Table Extraction with ServerTextControl

The complete sample is a console application that uses TX Text Control .NET Server to load HTML sample documents and export all top-level document tables as CSV files.

When Table-to-CSV Export Is Useful

Table-to-CSV conversion is useful whenever document content needs to move into systems that expect flat tabular data. This happens often in business applications where generated documents contain tables that later need to be analyzed, imported, or processed by another system.

Typical examples include:

  • Exporting order tables from generated customer documents for import into ERP or reporting systems.
  • Extracting inventory or stock tables from operational reports.
  • Converting timesheet tables into CSV files for accounting or billing workflows.
  • Pulling regional sales summaries from monthly reports for further analysis in Excel, Power BI, or custom dashboards.
  • Creating lightweight data exchange files from document templates without requiring users to manually copy and paste table content.

CSV is intentionally simple. It works best for flat tables where each row contains the same kind of data. For this reason, the sample exports document tables only and ignores surrounding text such as headings, paragraphs, and captions.

Loading Documents with ServerTextControl

The sample uses ServerTextControl as a non-visual document processing component. The document is loaded from an HTML file, but the same pattern can be adapted to other supported document formats.

using var serverTextControl = new ServerTextControl();
serverTextControl.Create();

serverTextControl.Load(documentPath, StreamType.HTMLFormat);

var tables = serverTextControl.Tables.Cast<Table>().ToList();

After loading the document, the Tables collection gives access to all tables in the main text. Each Table contains row and cell collections that can be used to read the table structure.

Exporting Several Tables

A CSV file represents one flat table. It has no native concept of multiple independent tables. Because of that, the sample exports each top-level table into its own CSV file.

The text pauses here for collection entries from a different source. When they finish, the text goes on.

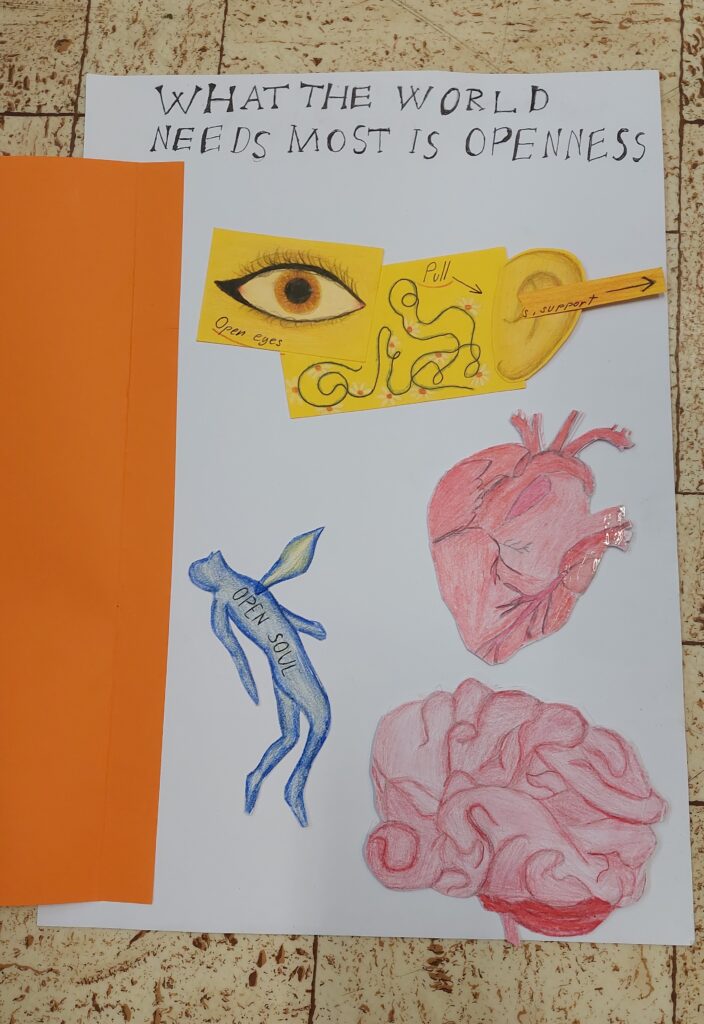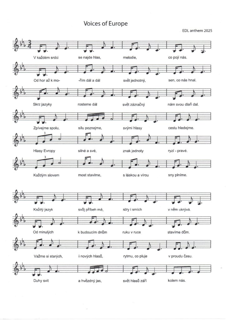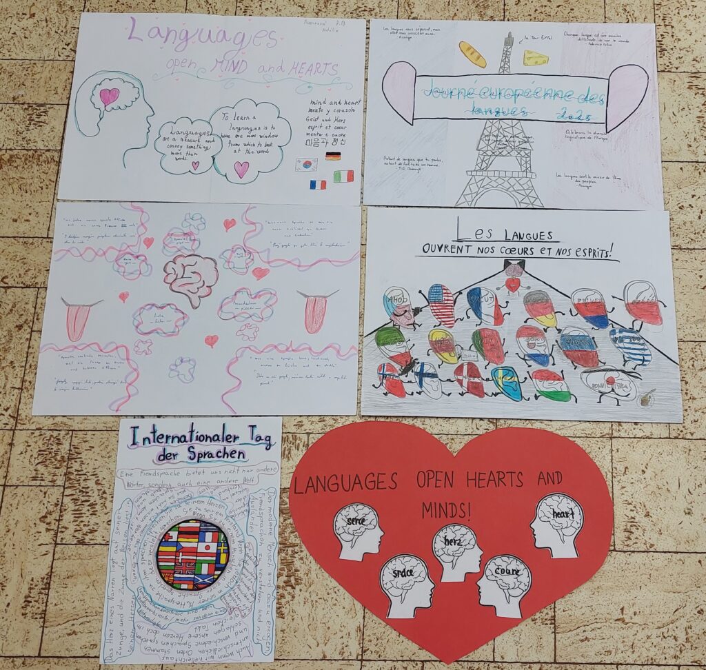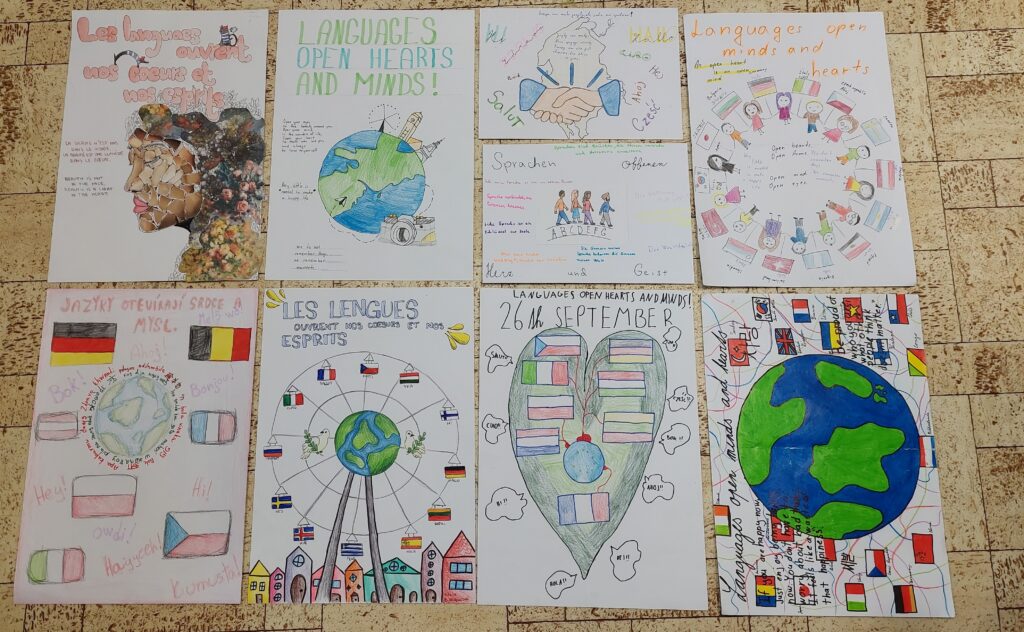 Poslední týden v září jsme se v rámci oslav 25. výročí Evropského dne jazyků věnovali projektům. Rada Evropy, která tuto iniciativu organizuje, letos stanovila téma Languages open hearts and minds. Děti tvořily tematické plakáty. V 5. a 7. ročníku to bylo v rámci hodin anglického jazyka, v 6. ročníku ve výtvarné výchově a v 8. a 9. ročníku ve druhém cizím jazyce. Plakáty obsahovaly citáty a symboly reflektující spojování národů, lidskou sounáležitost, vzájemné porozumění a toleranci napříč různými kulturami a etniky. V hodinách hudební výchovy žáci vytvořili hymnu. S krásnými plakáty a hymnou se chceme pochlubit, a proto vše poputuje do tematické soutěže, kterou Rady Evropy vyhlásila.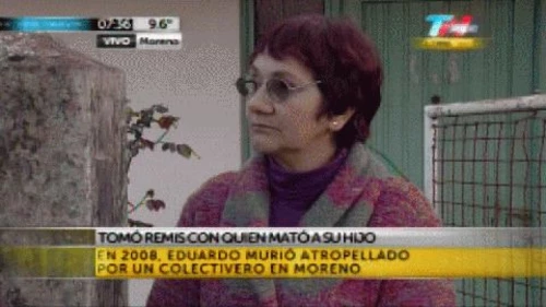 Cabrera manejaba el colectivo que encerró y mató al hijo de Graciela, Eduardo MIranda, de 27 años, quien circulaba a bordo de su bicicleta por las calles de Moreno. Según el relato, el chofer quiso evitar un lomo de burro e impactó contra el joven.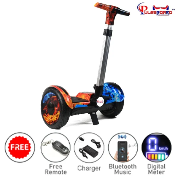 Experience the ultimate ride with the Mini Segway Hoverboard with Handle, featuring a 10.5-inch all-terrain wheelbase, Bluetooth connectivity, and advanced self-balancing technology—perfect for smooth, safe, and stylish rides across India.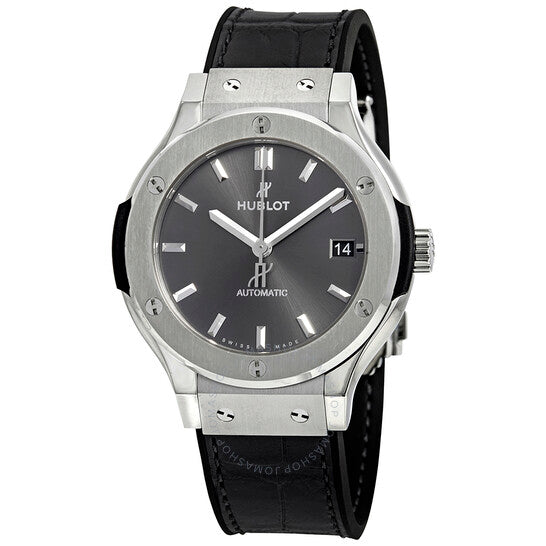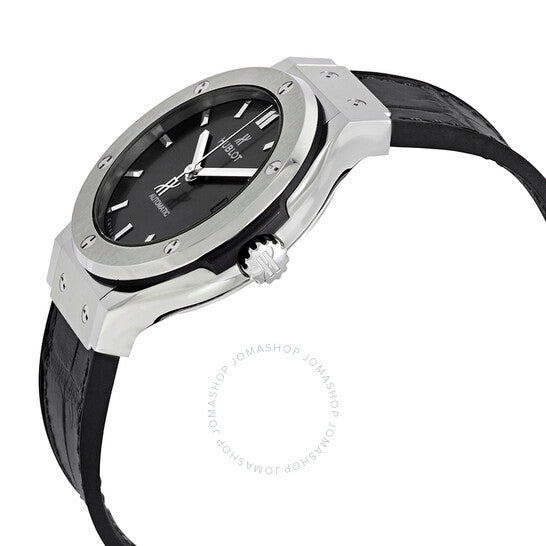 علبة تيتانيوم رمادية مع حزام جلد رمادي (جلد التمساح). إطار ثابت من التيتانيوم الرمادي. عروة إطار من الراتنج المركب الأسود. ميناء رمادي مع عقارب فضية اللون وعلامات ساعات. نوع الميناء: تناظري. عرض التاريخ عند موضع الساعة 3. حركة أوتوماتيكية من هوبلو، عيار HUB1110، مبنية على سيليتا SW300-1، تحتوي على 21 جوهرة، مكونة من 63 جزءًا، تنبض بمعدل 28800 ذبذبة في الساعة، ولديها احتياطي طاقة لمدة 42 ساعة تقريبًا. زجاج ياقوتي مقاوم للخدش. تاج قابل للسحب/الدفع. غطاء خلفي شفاف. شكل دائري. حجم العلبة: 38 مم. مشبك قابل للطي. مقاومة للماء حتى عمق 50 مترًا / 165 قدمًا. الوظائف: التاريخ، الساعة، الدقيقة، الثانية. سلسلة كلاسيك فيوجن. طراز ساعة رسمية. علامة الساعة: صناعة سويسرية. ساعة هوبلو كلاسيك فيوجن أوتوماتيكية من التيتانيوم للرجال 565.NX.7071.LR.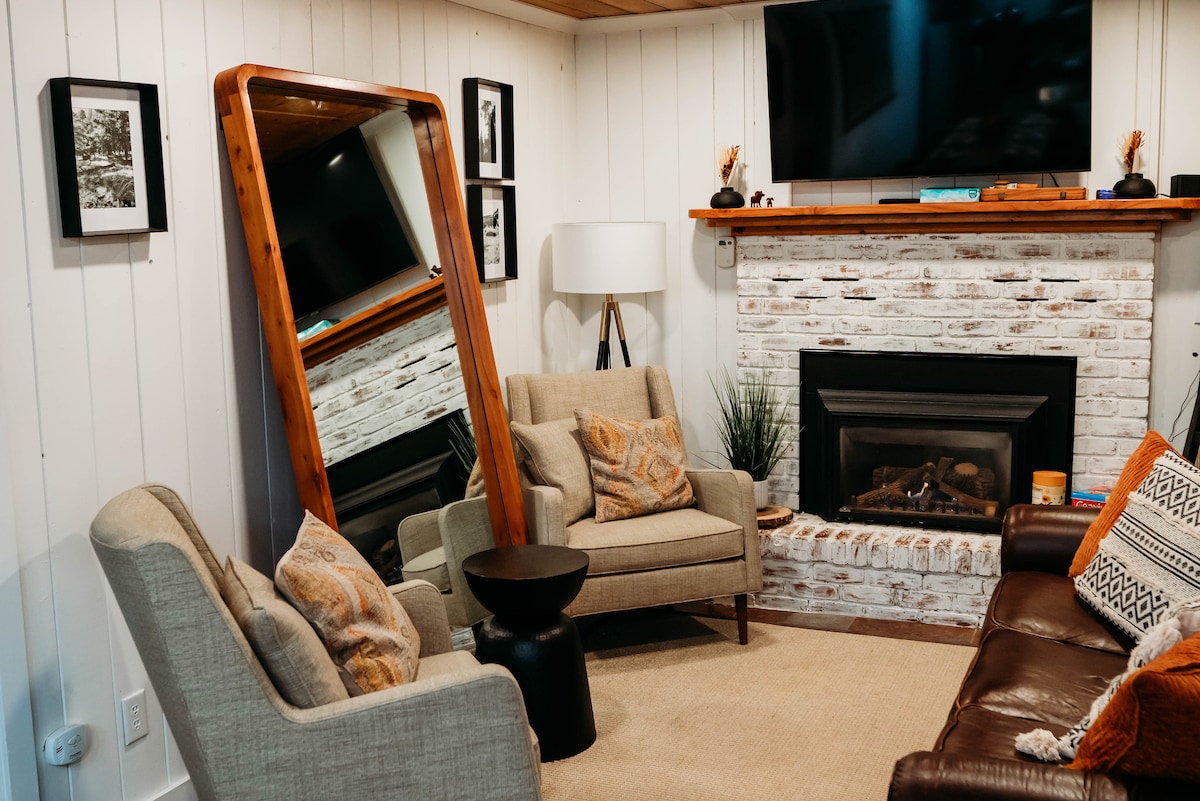 ¡Disfruta de nuestra escapada de lujo en cabaña en los pinos! Disfruta de las impresionantes vistas al prado mientras te alojas cerca de la ciudad. Nuestra moderna cabaña/villa es ideal para una familia que busca un viaje tranquilo a las montañas. Cama tamaño king, tamaño queen (sofá cama), baño grande con ducha y una cocina de tamaño completo. ¡Hay mucho que hacer a poca distancia a pie, como senderismo, golf con disco volador y pesca! Los restaurantes populares están a la vuelta de la esquina o haz un pedido y disfruta de tu elección de entretenimiento en dos sma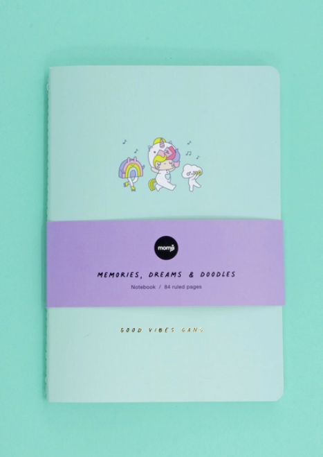 Maak kennis met ons "Good Vibes Gang" Notitieboek, waar dromen en krabbels een thuis vinden! Met 84 gelinieerde pagina’s en A5-formaat biedt dit notitieboek een perfect canvas voor je herinneringen en plannen, met superschattige details.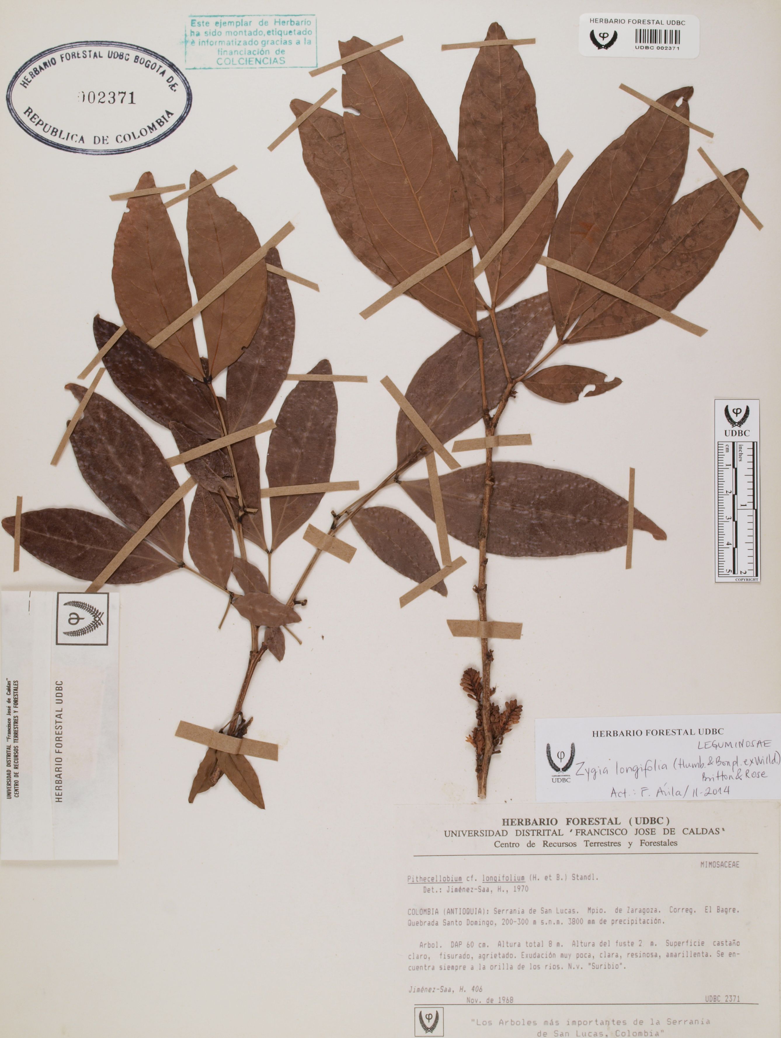 Fotografía del ejemplar Jiménez-Saa, H. 406, determinado como Zygia longifolia en el año 2014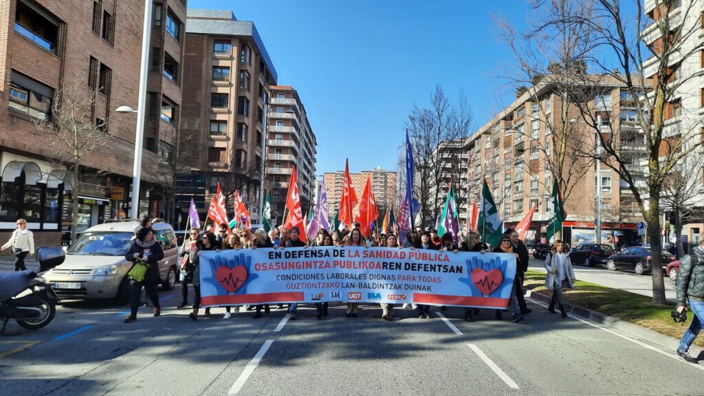 En la manifestación de hoy también ha participado la coordinadora general de LAB, Garbiñe Aranburu, que se ha unido a la columna de trabajadores y trabajadoras de Osasunbidea. Precisamente, el personal sanitario ha querido destacar la inestabilidad que se está produciendo en Osasunbidea y la falta de iniciativas del Departamento de Salud.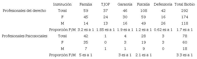 El análisis incluye a personas profesionales psicosociales y del derecho, sin distinguir la labor que realizan o el cargo que detentan. Así, en el caso de profesionales psicosociales, hemos seleccionado a quienes provienen de las carreras de psicología, el trabajo social, asistente social y en pocos casos, de la sociología, dejando fuera otro tipo de profesiones por claridad analítica. Para Tribunales de Familia, Tribunales de Juicio Oral en lo Penal, Juzgados de Garantía y Fiscalía, hemos empleado información del año 2021, mientras que para Defensoría, ocupamos datos del 2017, por ser estos los más recientes a los que obtuvimos acceso.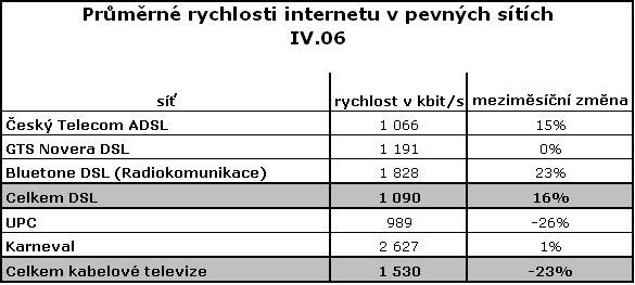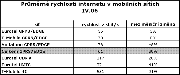 Posilování kapacit v přetížených oblastech CDMA sítě Eurotelu a spuštění HSDPA vedly k meziměsíčnímu zvýšení dosahovaných rychlostí internetu v mobilních sítích. K vzestupu rychlostí dochází za situace, kdy Eurotel i T-Mobile zaznamenávají zajímavý nárůst uživatelů mobilního internetu.

If a document contains one table, the file name is based on the document name:

inventory-with-notes.csv

If a document contains multiple tables, each table is written separately:

customer-orders-table-1.csv
customer-orders-table-2.csv

The exporter filters out nested tables and keeps only top-level tables:

var tables = serverTextControl.Tables.Cast<Table>().ToList();
var topLevelTables = tables.Where(table => table.OuterTable is null).ToList();

OuterTable is null for top-level tables. This makes it a straightforward way to avoid exporting nested tables as independent CSV files.

Respecting Header Rows

TX Text Control table rows can be marked as header rows using TableRow.IsHeader. These rows are repeated at the top of each page when a table spans multiple pages.

For CSV export, those rows should appear first. If no row is marked as a header row, the sample simply exports the rows in their document order, which means the physical first row becomes the first CSV row.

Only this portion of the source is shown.